Wishing and Hoping

Its renewal time for a couple of our WBE certifications and we’re hearing from customer Supplier Diversity departments all over the country.  Well, not exactly their Supplier Diversity people.  Rather, their online registration systems are reaching out to tell us our certification is expiring and we might be dropped from their database if we don’t immediately upload a new copy.  For some of these potential customers, it is the only interactive contact we have … the required record in their supplier database.  We’ve had lots of experience with unreturned phone calls, unanswered emails, and when we’re lucky enough to corner a real person at one of the multitude of supplier diversity conferences we re-learn how much Supplier Diversity relies on these registration systems to track, vet and work with its diverse supplier base.

I wish we could get the kind of transparency we practice with our suppliers.  We always go to our supplier database when we’re going to make a purchase.  And, if none of our suppliers handle that product or service, we use our connections in the small, veteran and MWBE supplier community to practice what we preach.

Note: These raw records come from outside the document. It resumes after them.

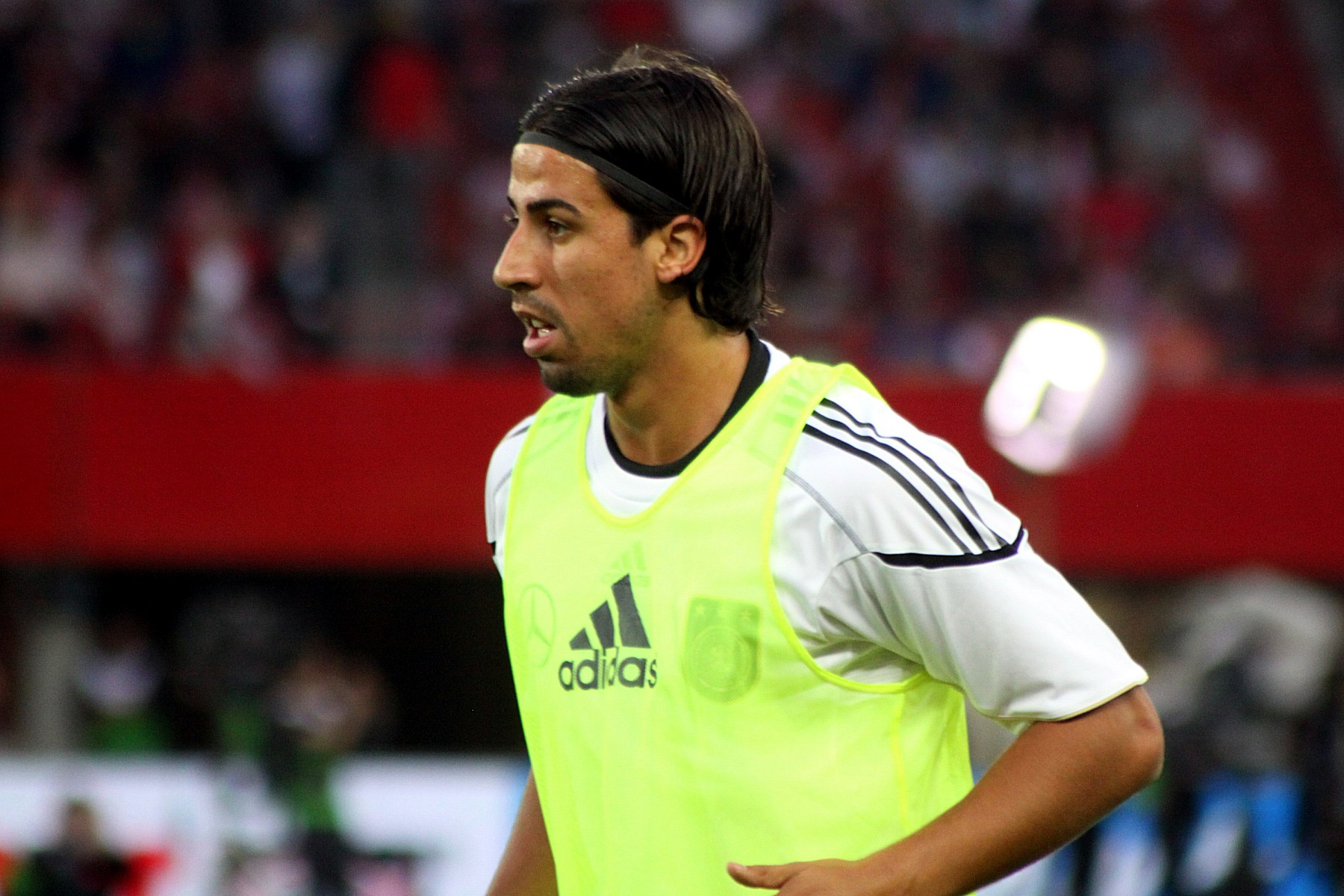 Sami Khedira (Real Madrid), german national football team - OpenStreetMap (Info)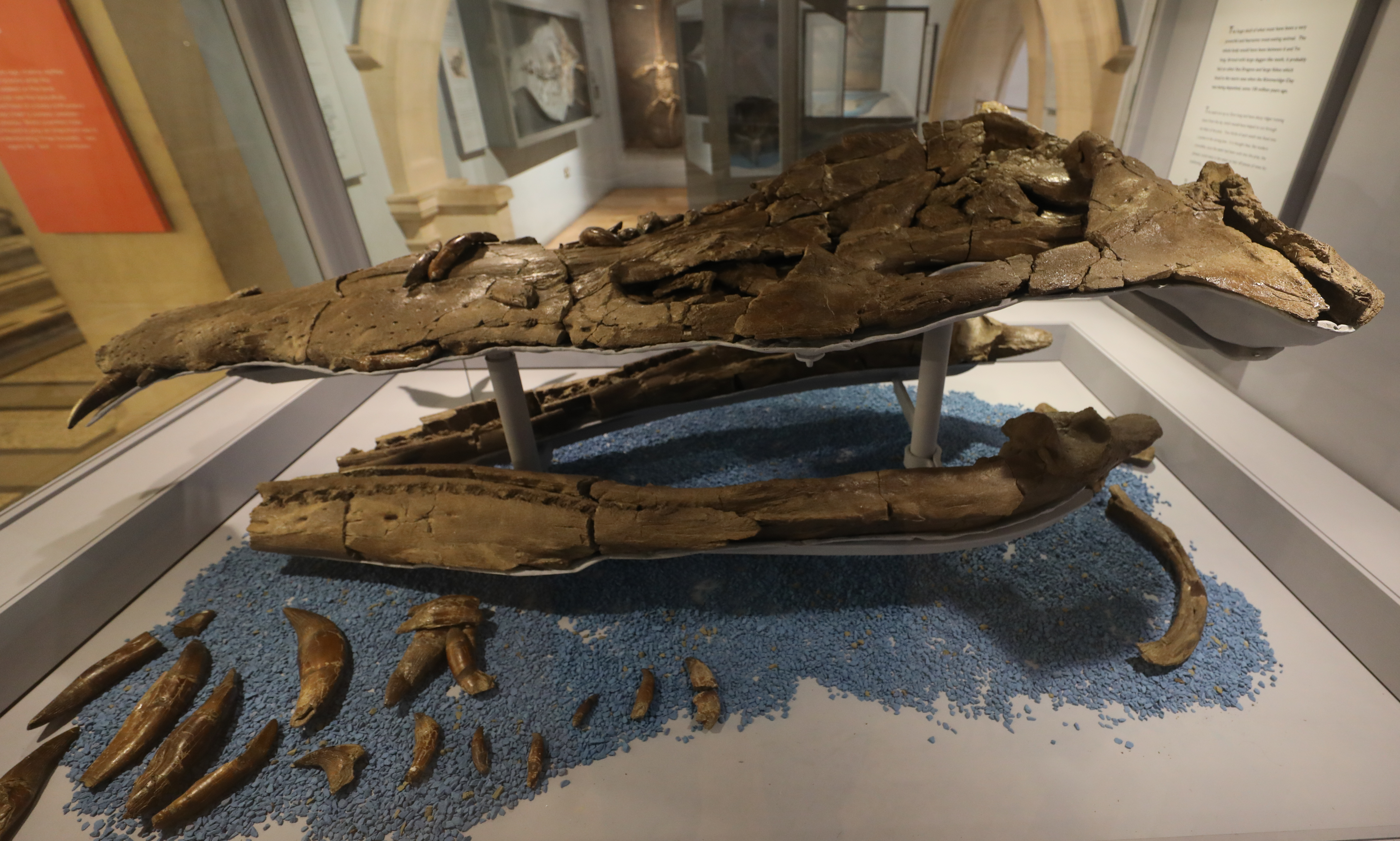 Photo of a Pliosaurus westburyensis skull (BRSMG_cc332) from the Westbury specimen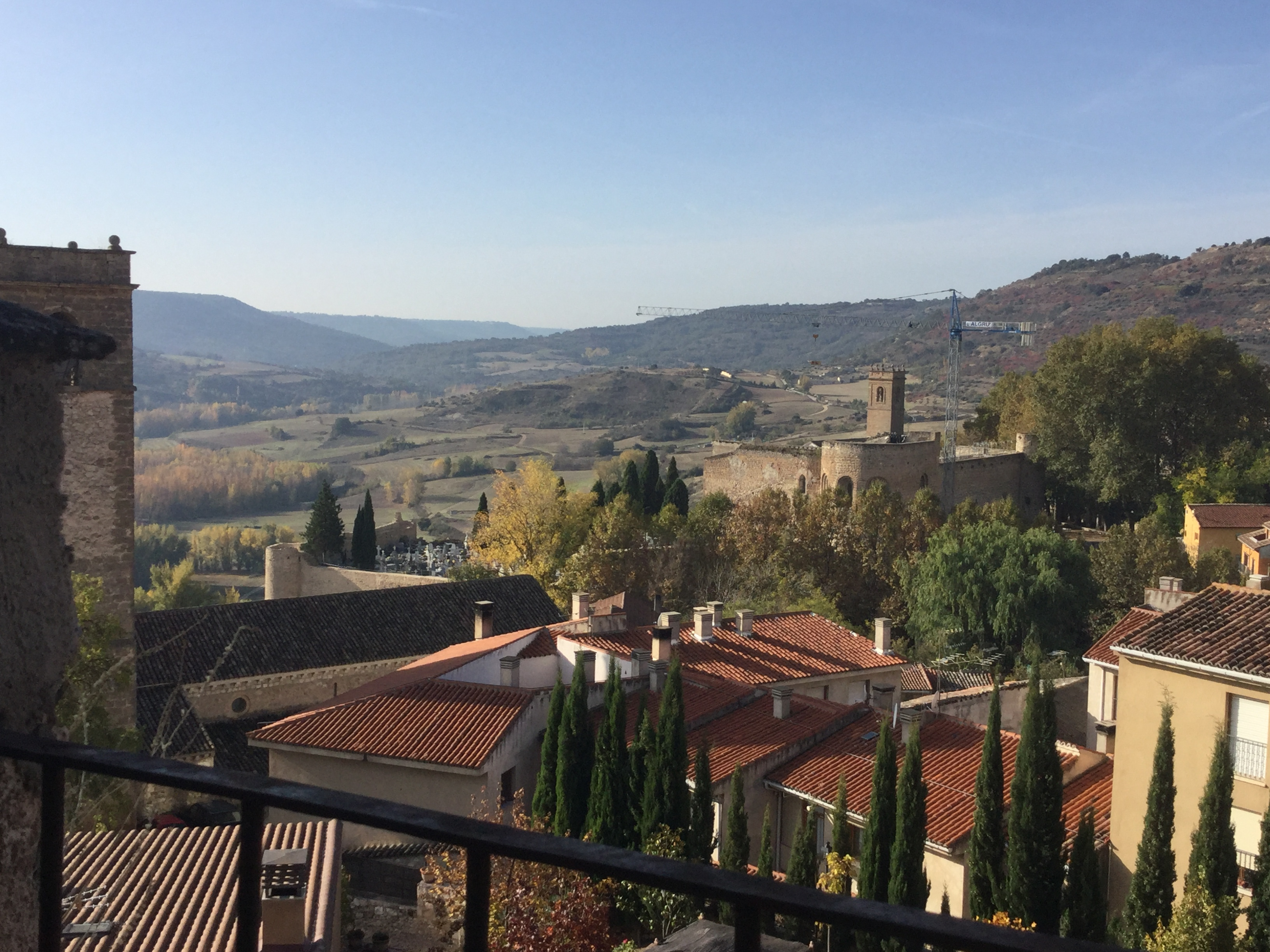 Vue de Brihuega des les jardins de la fabrique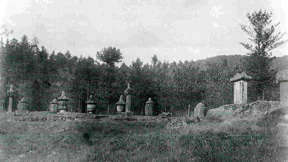 Stone Stupas at Yujeomsa temple in Kumgangsan, Korea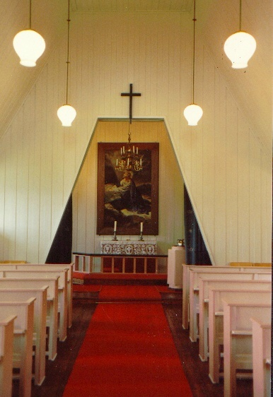 Interior of the chapel in the abandoned village of Hamningberg in Eastern Finnmark, North Norway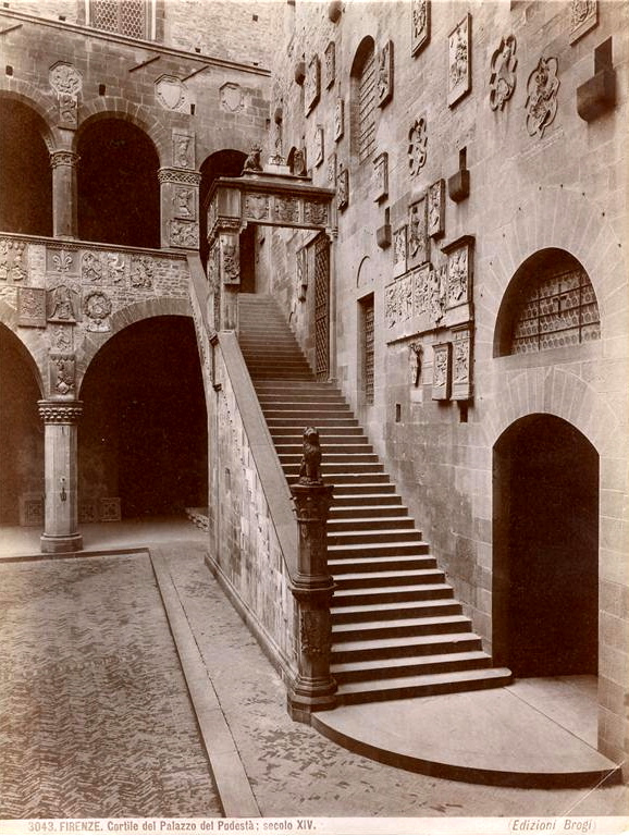 Giacomo Brogi (1822-1881), "Florence - Courtyard of the palazzo del Podestà, 14th century". Catalogue # 3043.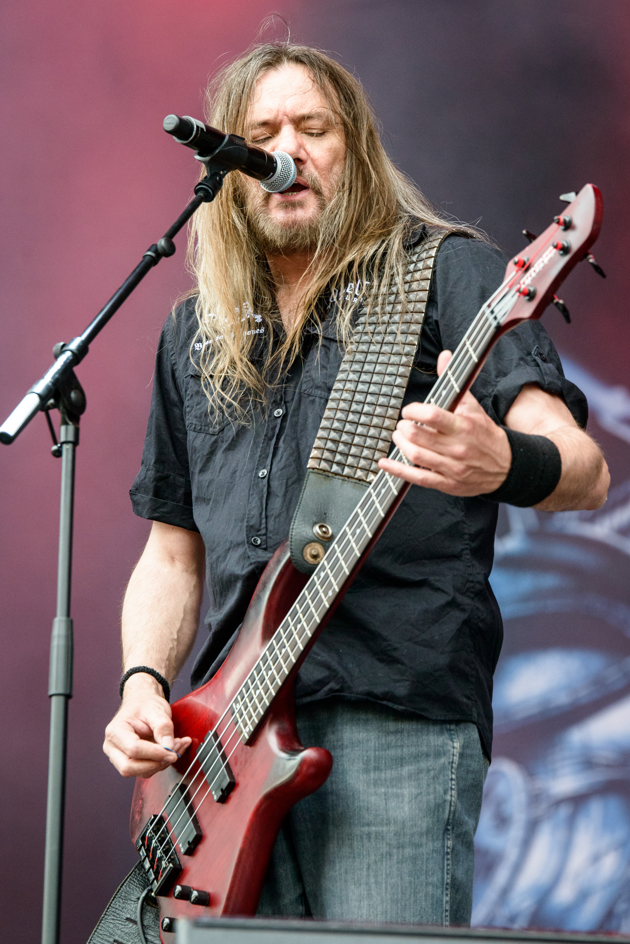 Sodom Live @ Rockavaria 2016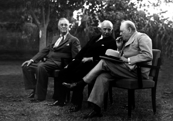 US President Roosevelt, Turkish President Inönü and British Prime Minister Churchill at the Second Cairo Conference on December 4-6, 1943.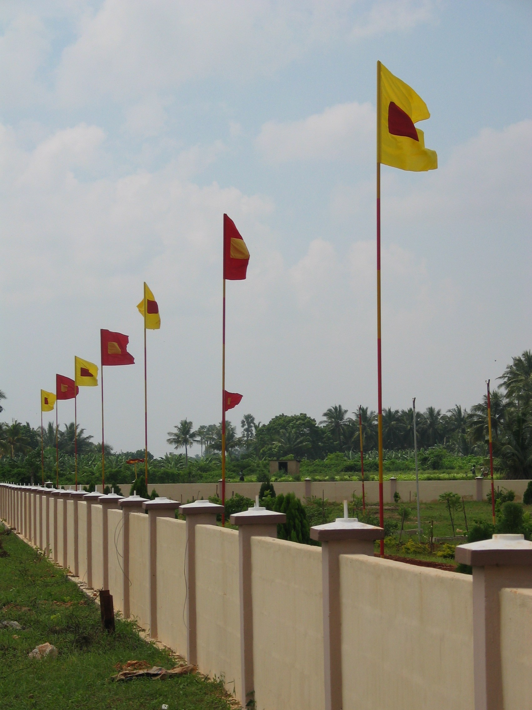 LTTE flags on the Kopai graveyard for heroes, Jaffna peninsula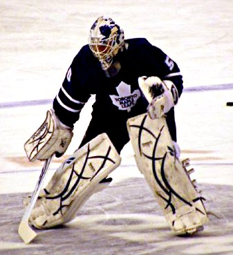 Taken at a Leafs game at the ACC vs. Minnesota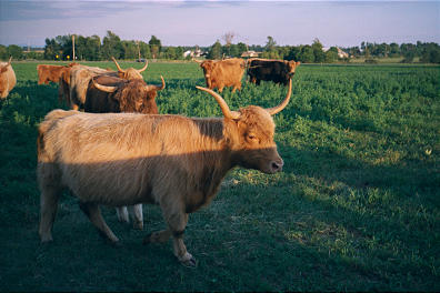 Highland cattle. Longhaired Cow, in upstate NY farm.

I often wonder how many MWBE suppliers are listed in these random corporate and government databases.  And, how does Supplier Diversity actually use these registration systems?  I think many of us — the suppliers — would hope to know answers to a few basic questions:

  • Is this company’s Supplier Diversity database used to share opportunities with potential new vendors on a regular basis?  If not, how is it used to connect with us?
  • Beyond registering in this Supplier Diversity database, how can we proactively engage with your organization to develop a potential relationship? What is the process to identify buyers of our goods and services in your company? Who can we call? Who can we meet with?
  • Does your company buy our goods or services directly from diverse suppliers or are we expected to subcontract through a prime vendor? If the answer is a prime, who is the prime and can you suggest who we contact there?

So much for hopes, I have some blue sky wishes, too.  In a perfect world we could be direct in our communications.  It would benefit the potential customer as well as the supplier to expend its resources in the most productive and efficient manner, right? I wish:

  • They could tell us if there was a real opportunity for us to do business with them in the future.
  • If the potential for those opportunities actually exist, could they please give us a contact who will actually answer emails or return phone calls? We’re happy to fill out all the supplier diversity forms and database requests and keep them current, but some real feedback would be most appreciated!

I think all we diverse suppliers really want is an opportunity to bid competitively to provide our goods or services. And five minutes every three, six or twelve months with a real buyer is priceless to us in learning how to best support your organization.

1 thought on “Wishing and Hoping”

  1. It is sad, but true. In the digital age, a database record seems to be as good a contact as a real person. Too often in my experience I’ve learned these databases are not monitored or (really) used — or maybe it just feels that way? One can never truly be certain without the direct, human interaction. The author is correct — all we want is an opportunity to put together a competitive bid for their business. As much as I hate to admit it, I’ve found Supplier Diversity portals to be more of a black hole than a useful resource pool or tool. Hopefully the GetDiversityCertified team can help to change this in the future.